# Schwinn Cutter Vs Madison



## gtbassett (Oct 5, 2008)

Hello, I'm quite new to roadbiking and I'm looking for a cheap, single speed bike to commute on. I was looking at the Schwinn Cutter with it's 300 dollar price tag it seems like a good idea. I was just wondering, is it worth it for my first bike? I'm just looking for something simple to get from one place to another, nothing fancy, just commuting. Would the madison be a better bet for me, I know I can get the 2008 madison for about 150 more than the cutter, is it worth the upgrade.

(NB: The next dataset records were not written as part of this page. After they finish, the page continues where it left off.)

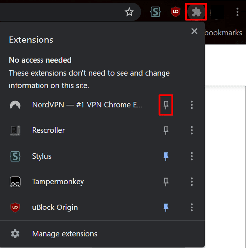 Étape 9 :Si vous ne voyez pas l'icône NordVPN, sélectionnez lepièce de puzzleà l'extrême droite de votre menu. Sélectionnez ensuite leépingle icône,donc il devient bleu.
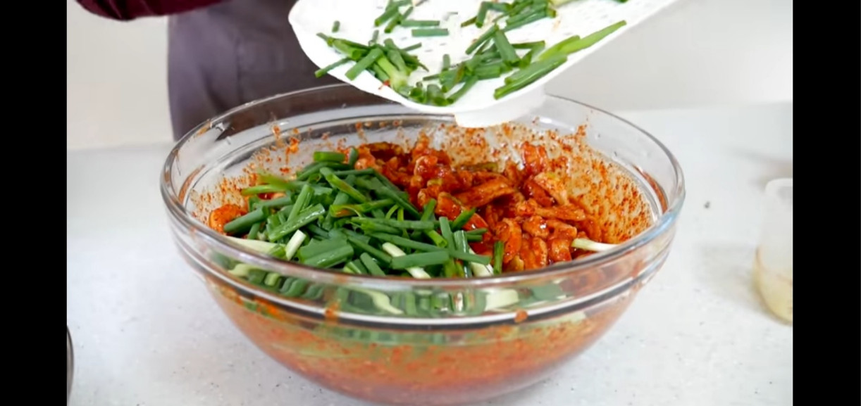 이제 본격적으로 무말랭이무침 만드는 법을 살펴보겠습니다. 만들어둔 양념장에 불린 말린 무를 넣고, 썰어둔 쪽파를 함께 넣어주세요.
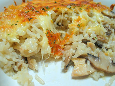 Όταν είναι έτοιμα και τα μανιτάρια, προσθέτετε το ρύζι, τα μπαχαρικά, το αλάτι, το μαύρο πιπέρι και το κόκκινο πιπέρι και το τηγανίζετε για 5 λεπτά. Στη συνέχεια το βάζετε σε ένα πυρέξ και προσθέτετε νερό από την κατσαρόλα όπου έχετε μαγειρέψει το κοτόπουλο και το ψήνετε για 5-10 λεπτά στους 220 βαθμούς.
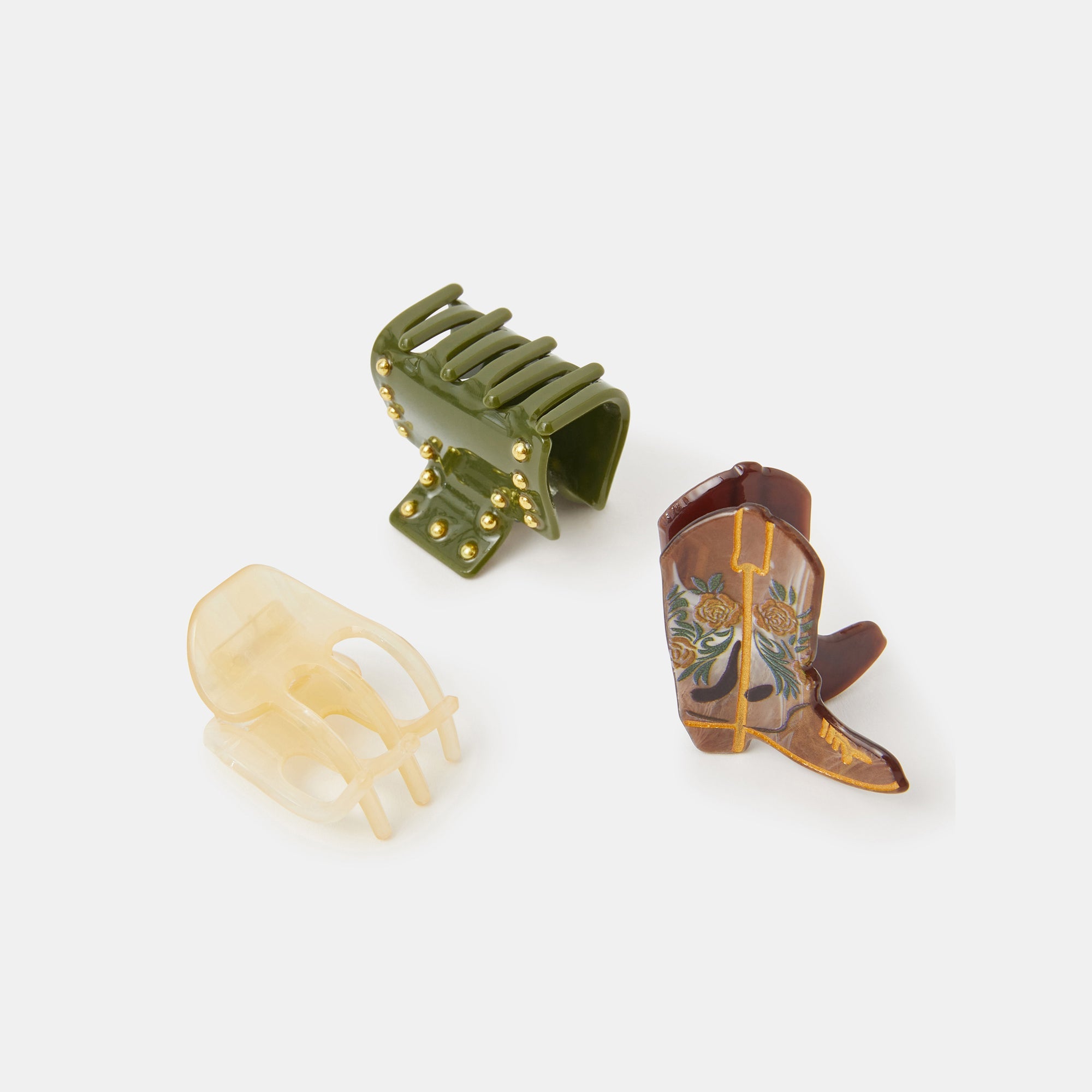 Set Of 3 Mix Cowboy Stud Hair Claw Clips
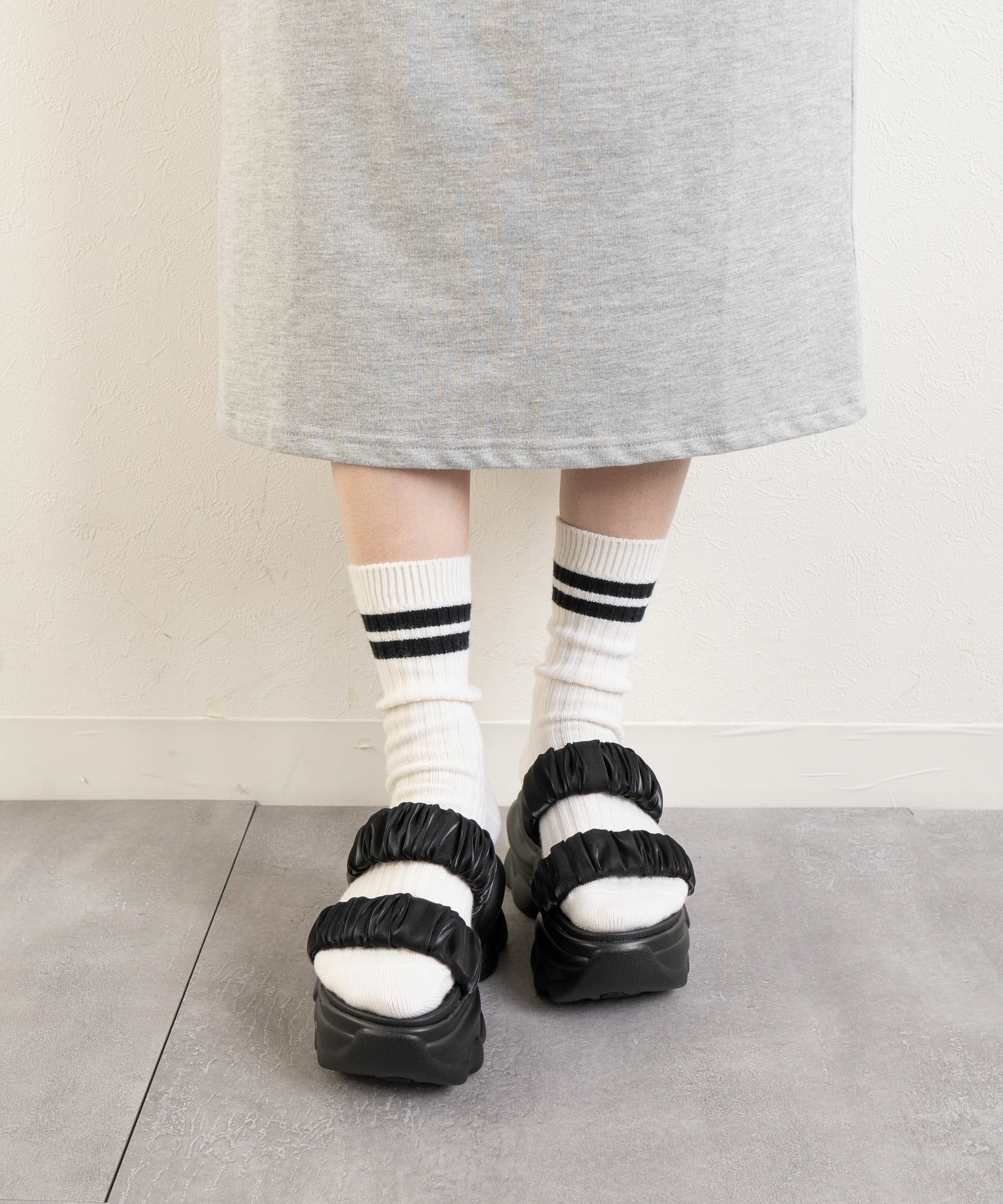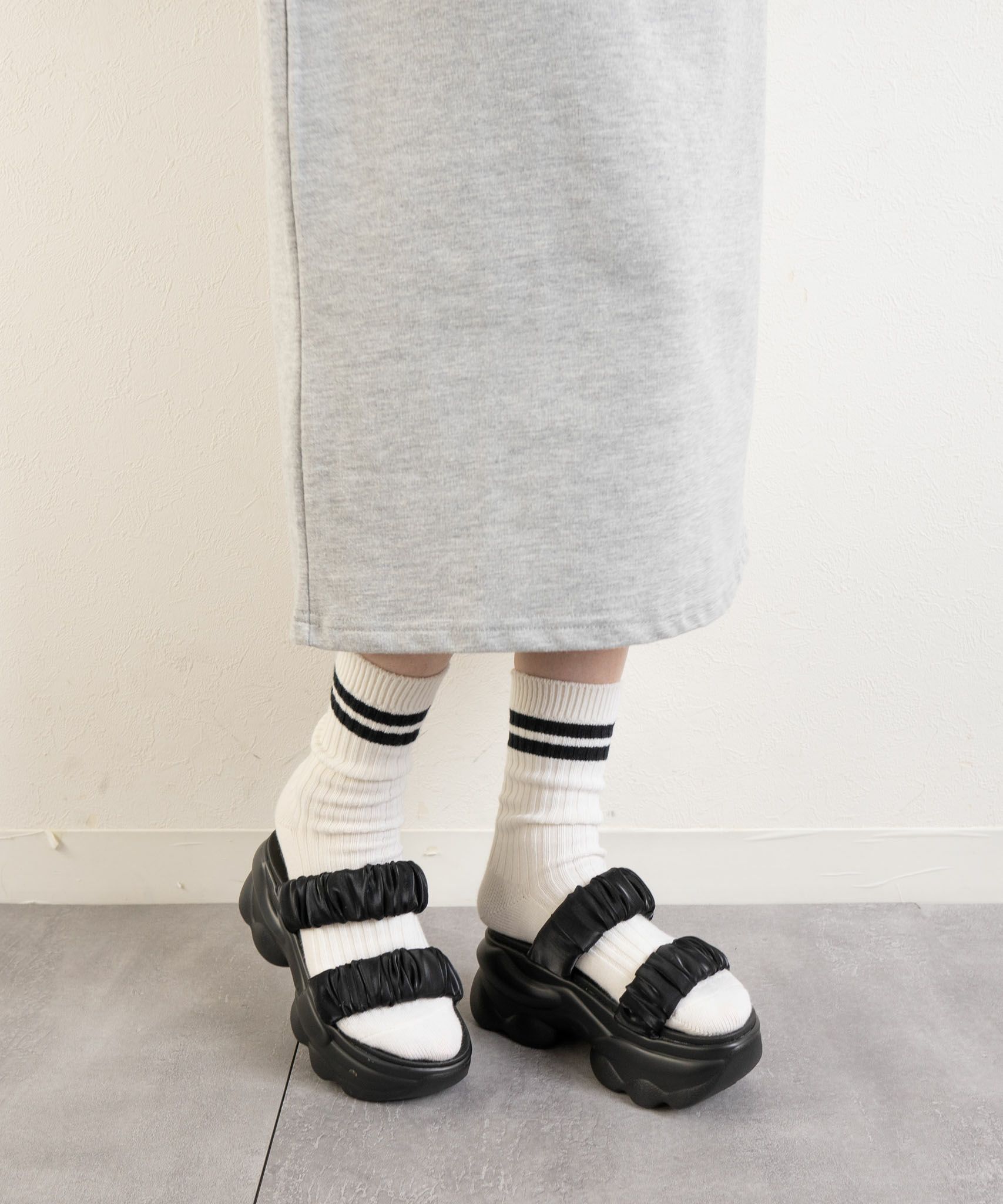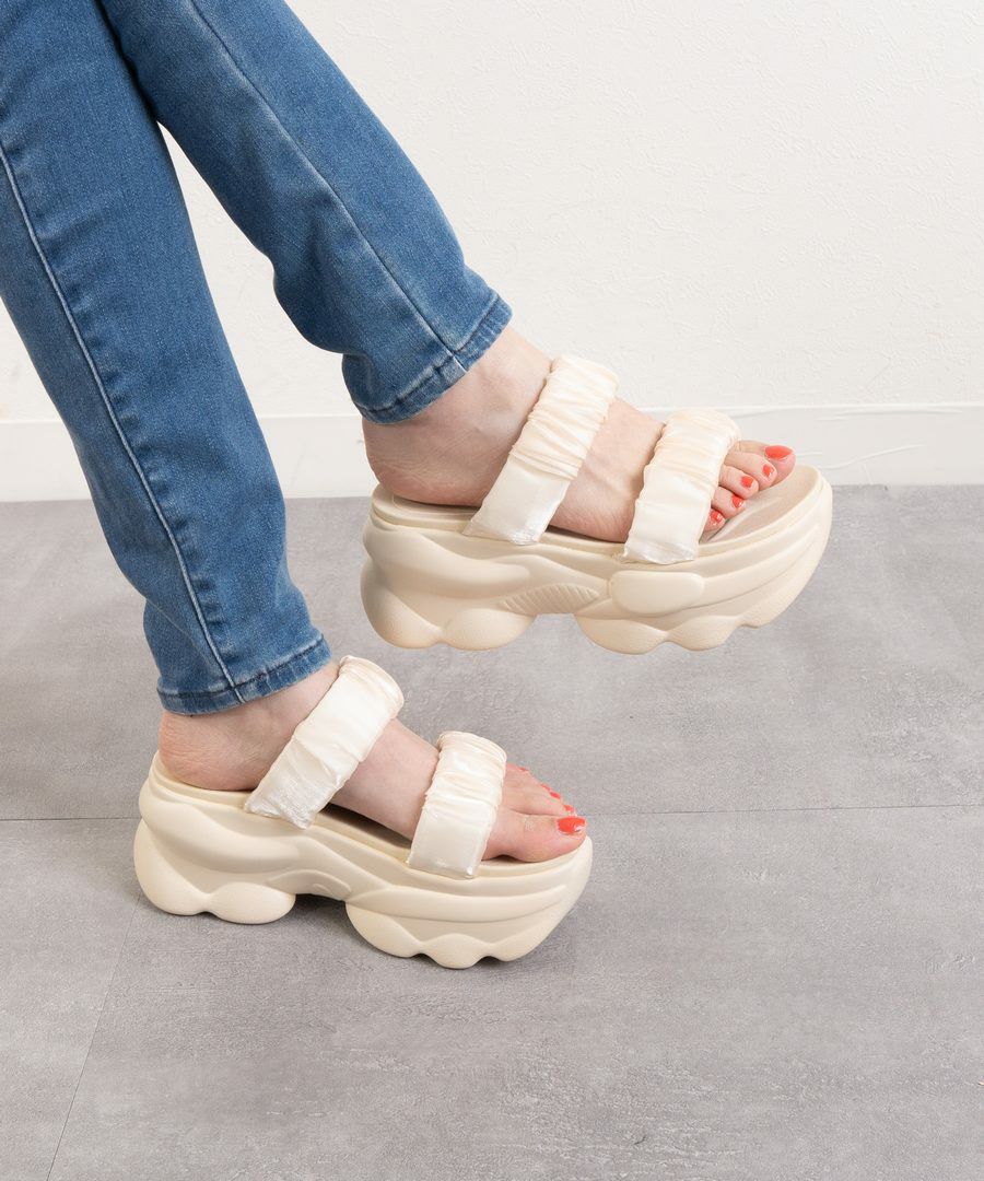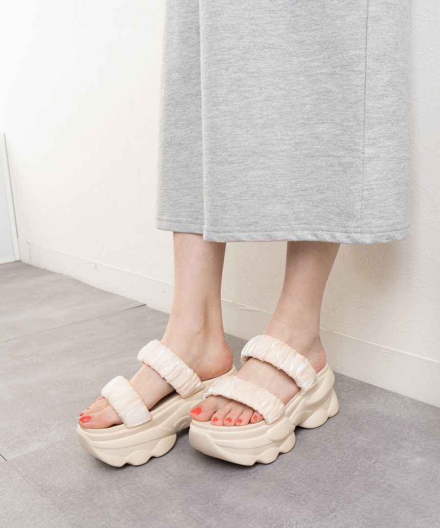 厚底ソールもベルトもマシュマロのようなボリューム!
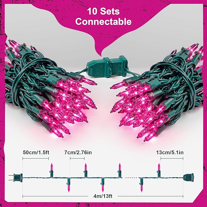 - ๐Connectable Halloween Lights: Purple string lights can be End-to-End connected. Up to 10 sets,lighting range can be extended to 130ft. With this convenient function,you can do the DIY decoration on any occasions:Halloween ,Eve party, ghost festival,Christmas, music festival, birthday party, graduation party, garden, deck, bedroom.
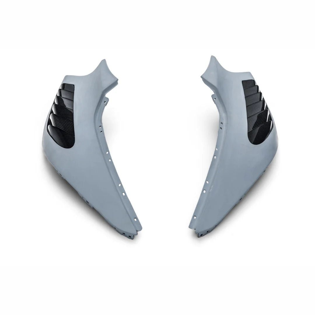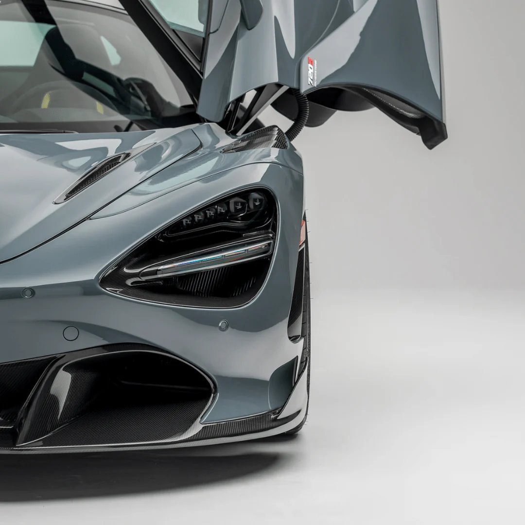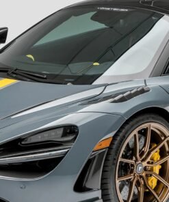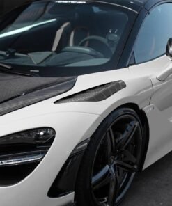 The Vorsteiner Silverstone Edition Front Fenders with Carbon Integrated Vents for the McLaren 720S (Coupe and Spider) combine striking design with functional performance. Crafted from lightweight, high-strength carbon fiber, these fenders feature integrated vents that enhance airflow management by relieving pressure within the wheel wells and aiding in brake cooling. The sculpted profile not only accentuates the aggressive stance of the 720S but also contributes to improved aerodynamic efficiency. Designed for precise fitment on both coupe and spider models, this upgrade seamlessly integrates with the factory body lines while delivering a refined motorsport-inspired appearance.
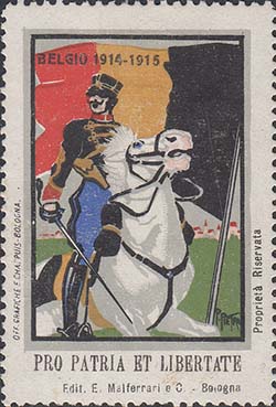 1915 г. Разм. рамки 36 х 50 мм. Многоцветная печать на белой бумаге. Зубц. 10. С клеем. В прямо-угольной рамке в центре различные рисунки. Внизу текст на итальянском языке: «За Родину и свободу». Внизу выходные данные на итальянском языке мелким шрифтом.
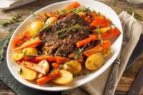 Na Panela de Pressão Elétrica PCE20, aqueça o óleo, adicione a carne e frite até dourar, junte a cebola, o alho e refogue. Acrescente o molho de tomate e o cubo de caldo de carne. Na Jarra Elétrica Expressionist EKP50, ferva a água e acrescente sobre a carne na panela até cobri-la. Tampe e programe o cozimento para 25 minutos. Retire a pressão, abra e acrescente a batata e a cenoura. Tampe a panela e programe por mais 15 minutos ou até os vegetais estarem cozidos. Sirva em seguida.
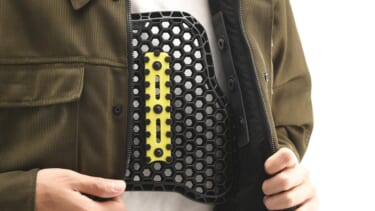 どんなジャケットにも合わせられるベルトタイププロテクター ライダーの命を守る胸部プロテクターは、万が一の事故の際に内蔵への衝撃を和らげ、重篤なダメージから身を守る重要な役割を果たす。これまでも多くのプ[…]
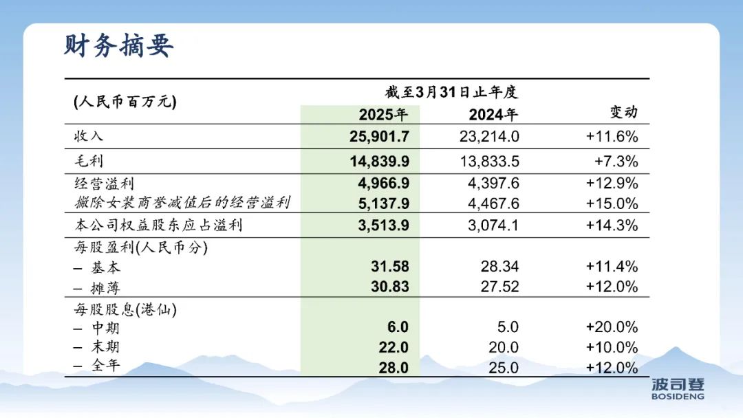 業績的穩健增長離不開公司近年來持續聚焦主業的發展戰略,2018 年以來,波司登重新聚焦主航道與主品牌,實現品牌的再次騰飛。24/25財年,波司登錨定“聚焦羽絨服主航道、聚焦時尚功能科技服飾主賽道”的“雙聚焦”戰略方向,波司登收入提升11.6%至約人民幣259.02億元,實現了穩中有進的發展目標;淨利潤高速提升13.9%至約人民幣35.53億元,營收和淨利潤連續8年創同期歷史新高。其中經營溢利增速再次快於收入增速,企業經營效率提升,經營溢利提升12.90%。
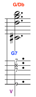 To manipulate this next Dominant chord we will put the flattened 5th [Db] in the bass and exploit a G triad on top:
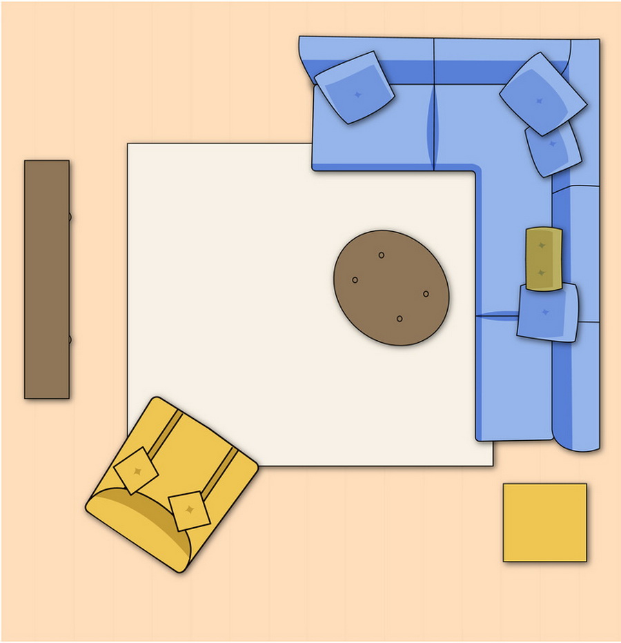 การจัดห้องรูปแบบนี้จะเน้นไปที่การเลือกเฟอร์นิเจอร์ที่จะถูกจัดวางในรูปแบบตัวแอล ทำให้มีพื้นที่ใช้งานที่ค่อนข้างกว้าง
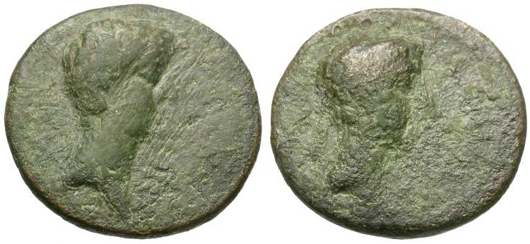 | Augustus (27 BC-AD 14) with King of Thrace. Rhoemetalces I Æ19 |
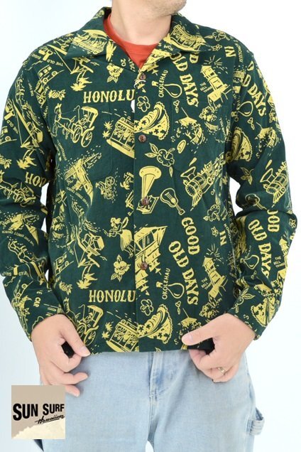 アロハシャツの黄金時代とされる1930~50年代にかけて作られた「ヴィンテージ」と呼ばれる貴重なアロハシャツを再現し、現代に蘇らせているブランド「SUN SURF」から「GOOD OLD DAYS」コーデュロイ長袖オープンシャツ(SS29338)のご紹介です。 1940年代後期に作られたオアフ・ガーメント社の作品です。 「古き良き時代」というタ イトルが付けられた本作に描かれているのは、南国の楽園として華やかな発展を遂げる前のハワイ。 馬車やオアフ鉄道などが描かれていることから1890年代後半のハワイの情景であることが推測できます。 当時を象徴するモチーフを使い、単色の抜染で表現したノスタルジックな雰囲気に心奪われる一枚です。 ボディーには、しっかりとした肉厚なコーデュロイ生地を採用。 | ||||||||||||||||||||||||||||||
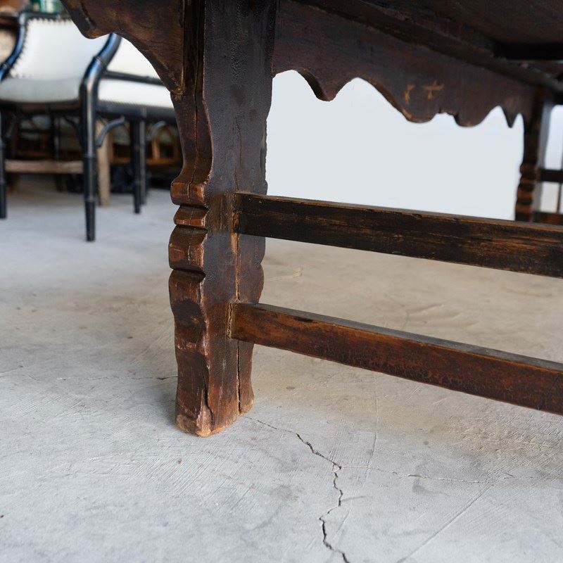 It is in good vintage condition with wear commensurate with age. The table feels sturdy and solid. The timber has been naturally worn over the years form use including some splits, repairs, some minor losses and there is an overall worn rustic feel to the piece.

Also are there any other low cost single speed bikes that you guys would reccomend?


----------



## Dave Hickey (Jan 27, 2002)

You might want to try this question over in the fixed gear/single speed forum..I can tell you the Cutter is new so it's unlikely that anyone has first hand experience with it..From the specs, it looks like a nice bike for the price


----------



## BLKMRKET (Jan 14, 2009)

I would get Cutter over Madison, because its reasonable price! it is great for commute, =o)


----------



## jtw1n (Sep 20, 2008)

A new vs new argument the cutter is cheap and works well enough. However the Madison seems to last better and be treated over all better by its owners so you can often find used Madisons around on auctions and various sites for good prices. I got a Madison for 280 off ebay and had a bunch of upgraded components and looks near new. However I don't know that the price difference is worth it if you are only considering new bikes.


----------